Tom gave him a smile, trying not to let his confusion show on his face.
The hint of a smirk played at Orion’s lips as he continued. “And this is Walburga, my second cousin,” he added, gesturing to a fourth-year who had hexed Tom far too many times during his first year for him not to recognize her.
Walburga was tall and severe, her face pretty in a cold, unapproachable way, her wild hair pinned half-heartedly atop her head like she hadn’t bothered to tame it properly. She gave Tom a contemptuous smile that was more a baring of teeth.
She turned back to Orion. “I hardly see the point of introducing myself to this mudblood. It’s not like they have any proper manners.”
Orion, to his credit, ignored Walburga completely.
“This is Cygnus Black, my second cousin,” Orion continued smoothly.
A first-year boy with slightly lighter hair than his relatives but the same noble features gave Tom a tentative nod.
“And this is my sister, Lucretia.”
An elegant fifth-year with gently curling hair gave Tom a hesitant smile, her face otherwise guarded.
“It is a pleasure to be formally introduced,” Tom said, offering a courteous smile as he shook each of their hands in turn. Walburga looked like she would rather touch a pile of dung than shake his hand, so she hovered hers beside his until Tom took the hint.
Orion gave him a long look with the hint of approval. The exchange had a quiet weight to it, and it wasn’t until later that night that Tom realized what it had been: a public endorsement. A quiet claim.
Tom drifted through the room after that, exchanging greetings and pleasantries with those who approached him and sparing disarming smiles for those who didn’t. Several groups of girls began whispering in earnest. Ruby, Druella, Lavinia, and Livia sat in a loose circle by the staircase, giggling into their sleeves. Ruby flicked her hair over her shoulder and whispered something that made the rest of them dissolve into laughter.
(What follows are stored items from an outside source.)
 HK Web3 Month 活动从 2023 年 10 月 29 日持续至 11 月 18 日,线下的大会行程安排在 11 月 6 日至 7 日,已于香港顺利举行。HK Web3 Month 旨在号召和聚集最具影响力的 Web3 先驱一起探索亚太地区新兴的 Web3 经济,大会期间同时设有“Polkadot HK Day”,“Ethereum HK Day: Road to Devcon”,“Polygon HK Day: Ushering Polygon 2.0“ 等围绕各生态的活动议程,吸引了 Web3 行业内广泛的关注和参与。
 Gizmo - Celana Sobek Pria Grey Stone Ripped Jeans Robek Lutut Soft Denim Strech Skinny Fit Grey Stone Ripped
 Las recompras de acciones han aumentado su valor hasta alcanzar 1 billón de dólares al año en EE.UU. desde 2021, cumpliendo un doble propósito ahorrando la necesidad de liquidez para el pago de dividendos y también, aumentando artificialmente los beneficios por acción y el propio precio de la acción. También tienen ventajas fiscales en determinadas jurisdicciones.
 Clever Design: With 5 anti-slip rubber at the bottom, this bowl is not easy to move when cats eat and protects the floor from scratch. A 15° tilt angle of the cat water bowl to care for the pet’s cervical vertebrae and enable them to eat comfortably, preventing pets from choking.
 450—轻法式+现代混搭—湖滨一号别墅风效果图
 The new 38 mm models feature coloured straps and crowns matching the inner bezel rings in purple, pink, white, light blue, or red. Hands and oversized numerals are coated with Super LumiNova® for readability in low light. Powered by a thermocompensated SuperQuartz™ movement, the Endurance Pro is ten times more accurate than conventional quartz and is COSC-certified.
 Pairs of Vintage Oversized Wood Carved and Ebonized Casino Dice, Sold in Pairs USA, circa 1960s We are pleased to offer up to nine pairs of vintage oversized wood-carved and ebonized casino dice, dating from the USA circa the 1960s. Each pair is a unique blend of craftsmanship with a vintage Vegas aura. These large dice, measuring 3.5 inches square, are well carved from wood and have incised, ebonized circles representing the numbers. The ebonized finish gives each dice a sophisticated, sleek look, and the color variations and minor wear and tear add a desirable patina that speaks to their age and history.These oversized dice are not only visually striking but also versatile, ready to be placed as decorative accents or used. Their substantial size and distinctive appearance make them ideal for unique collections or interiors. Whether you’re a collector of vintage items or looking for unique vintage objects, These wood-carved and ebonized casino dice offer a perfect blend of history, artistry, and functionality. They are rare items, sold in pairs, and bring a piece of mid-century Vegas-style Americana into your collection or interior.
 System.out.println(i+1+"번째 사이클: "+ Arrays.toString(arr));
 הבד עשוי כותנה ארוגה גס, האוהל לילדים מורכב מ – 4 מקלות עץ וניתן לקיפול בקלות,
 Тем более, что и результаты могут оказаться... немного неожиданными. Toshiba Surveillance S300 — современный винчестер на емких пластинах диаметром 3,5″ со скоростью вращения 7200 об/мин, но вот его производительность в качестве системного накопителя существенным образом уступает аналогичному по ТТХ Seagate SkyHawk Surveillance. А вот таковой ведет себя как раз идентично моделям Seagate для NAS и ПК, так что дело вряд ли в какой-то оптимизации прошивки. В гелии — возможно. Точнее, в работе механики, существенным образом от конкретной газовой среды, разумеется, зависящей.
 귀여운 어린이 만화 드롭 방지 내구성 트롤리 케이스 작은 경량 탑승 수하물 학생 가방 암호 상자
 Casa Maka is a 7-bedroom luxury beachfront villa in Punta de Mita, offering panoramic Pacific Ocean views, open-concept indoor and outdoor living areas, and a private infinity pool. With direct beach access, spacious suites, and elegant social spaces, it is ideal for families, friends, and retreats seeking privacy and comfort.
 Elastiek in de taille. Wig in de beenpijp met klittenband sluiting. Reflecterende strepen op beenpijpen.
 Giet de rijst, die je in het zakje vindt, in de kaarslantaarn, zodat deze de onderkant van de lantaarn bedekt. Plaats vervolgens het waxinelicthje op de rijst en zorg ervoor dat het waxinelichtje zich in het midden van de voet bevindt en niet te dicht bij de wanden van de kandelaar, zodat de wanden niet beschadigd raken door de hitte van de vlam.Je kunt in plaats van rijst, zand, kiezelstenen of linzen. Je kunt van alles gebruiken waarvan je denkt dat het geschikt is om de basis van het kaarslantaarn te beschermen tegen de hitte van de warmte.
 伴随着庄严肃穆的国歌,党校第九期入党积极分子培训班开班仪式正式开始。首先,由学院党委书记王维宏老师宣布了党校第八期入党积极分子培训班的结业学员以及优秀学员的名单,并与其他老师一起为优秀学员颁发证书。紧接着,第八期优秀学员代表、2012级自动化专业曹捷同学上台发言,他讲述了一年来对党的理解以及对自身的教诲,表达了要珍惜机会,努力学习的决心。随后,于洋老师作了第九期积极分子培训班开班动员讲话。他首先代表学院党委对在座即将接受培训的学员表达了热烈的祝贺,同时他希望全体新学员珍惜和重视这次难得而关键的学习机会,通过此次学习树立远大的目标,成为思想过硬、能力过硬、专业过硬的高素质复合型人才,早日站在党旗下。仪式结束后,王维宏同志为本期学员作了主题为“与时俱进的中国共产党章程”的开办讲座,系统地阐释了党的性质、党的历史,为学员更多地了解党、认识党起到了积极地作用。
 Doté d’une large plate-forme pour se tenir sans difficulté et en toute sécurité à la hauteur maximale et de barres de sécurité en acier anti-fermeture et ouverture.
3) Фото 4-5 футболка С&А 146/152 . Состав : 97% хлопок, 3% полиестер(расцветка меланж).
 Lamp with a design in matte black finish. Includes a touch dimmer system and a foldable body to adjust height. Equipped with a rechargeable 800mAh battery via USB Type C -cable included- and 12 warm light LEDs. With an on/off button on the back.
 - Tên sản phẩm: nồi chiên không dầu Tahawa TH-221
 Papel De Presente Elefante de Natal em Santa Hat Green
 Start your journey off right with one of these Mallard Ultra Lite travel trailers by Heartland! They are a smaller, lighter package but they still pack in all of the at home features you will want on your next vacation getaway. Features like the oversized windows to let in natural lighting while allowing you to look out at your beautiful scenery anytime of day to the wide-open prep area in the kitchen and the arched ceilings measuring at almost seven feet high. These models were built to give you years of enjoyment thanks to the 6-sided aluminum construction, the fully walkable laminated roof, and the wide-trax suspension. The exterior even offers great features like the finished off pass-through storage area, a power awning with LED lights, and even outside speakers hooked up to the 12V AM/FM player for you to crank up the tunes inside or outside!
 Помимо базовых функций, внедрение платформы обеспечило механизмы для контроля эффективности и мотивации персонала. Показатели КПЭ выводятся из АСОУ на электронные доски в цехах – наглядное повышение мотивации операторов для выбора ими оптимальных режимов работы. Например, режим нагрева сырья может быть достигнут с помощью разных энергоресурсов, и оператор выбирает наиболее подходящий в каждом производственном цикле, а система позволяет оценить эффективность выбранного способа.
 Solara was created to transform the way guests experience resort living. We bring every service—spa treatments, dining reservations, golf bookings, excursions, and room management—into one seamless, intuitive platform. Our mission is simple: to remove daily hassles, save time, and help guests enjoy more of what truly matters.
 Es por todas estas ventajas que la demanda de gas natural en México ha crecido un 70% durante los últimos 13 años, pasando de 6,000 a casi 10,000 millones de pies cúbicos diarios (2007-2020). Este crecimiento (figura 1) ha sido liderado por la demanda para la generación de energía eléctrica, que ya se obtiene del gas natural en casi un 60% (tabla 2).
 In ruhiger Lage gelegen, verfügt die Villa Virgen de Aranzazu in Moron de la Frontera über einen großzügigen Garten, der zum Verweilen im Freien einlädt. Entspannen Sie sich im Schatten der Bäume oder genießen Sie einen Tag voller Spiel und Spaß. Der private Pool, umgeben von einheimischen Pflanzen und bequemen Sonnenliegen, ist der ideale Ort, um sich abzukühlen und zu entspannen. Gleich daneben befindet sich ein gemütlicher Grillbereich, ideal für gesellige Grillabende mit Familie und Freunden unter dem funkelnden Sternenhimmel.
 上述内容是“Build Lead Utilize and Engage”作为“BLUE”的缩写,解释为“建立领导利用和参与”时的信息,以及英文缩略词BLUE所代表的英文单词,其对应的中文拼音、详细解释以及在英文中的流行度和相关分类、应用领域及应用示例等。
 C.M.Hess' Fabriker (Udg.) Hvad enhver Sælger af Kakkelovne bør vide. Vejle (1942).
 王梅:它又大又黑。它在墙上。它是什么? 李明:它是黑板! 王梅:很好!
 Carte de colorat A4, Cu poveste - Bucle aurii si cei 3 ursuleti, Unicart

“It’s just unfair! I mean, look at his smile,” Lavinia murmured dreamily, not softly enough.
“For Merlin’s sake, quit your disgraceful fawning over that mudblood,” Walburga Black snapped as she passed them, her voice low and sharp.
None of the girls paid her any mind.
Tom met their stares and gave them a wink as he passed. Livia gasped. Lavinia clutched Ruby’s arm, and Ruby just laughed harder.
He was halfway down the hall to the boys’ dormitories when he heard the footsteps behind him.
“Still enjoying your little audience?” Abraxas Malfoy said.
Tom turned just in front of the third-year boys’ door, one brow lifting. “Should I not?”
Abraxas’s mouth curled into something like a smirk, but it didn’t quite reach his eyes. “You’ve changed.”
“I’ve adapted.”
“You think you’re clever, don’t you?”
Tom tilted his head. “I think I’m learning how things work.”
A pause. The corridor behind them hummed faintly with the murmurs and footfalls of the common room. Abraxas looked down, jaw tight, as though weighing whether to speak again.
“You’ll never belong,” he said at last, but it lacked fire. The words had been said before, many times, but this time they hung in the air like something half-spoken and already fading.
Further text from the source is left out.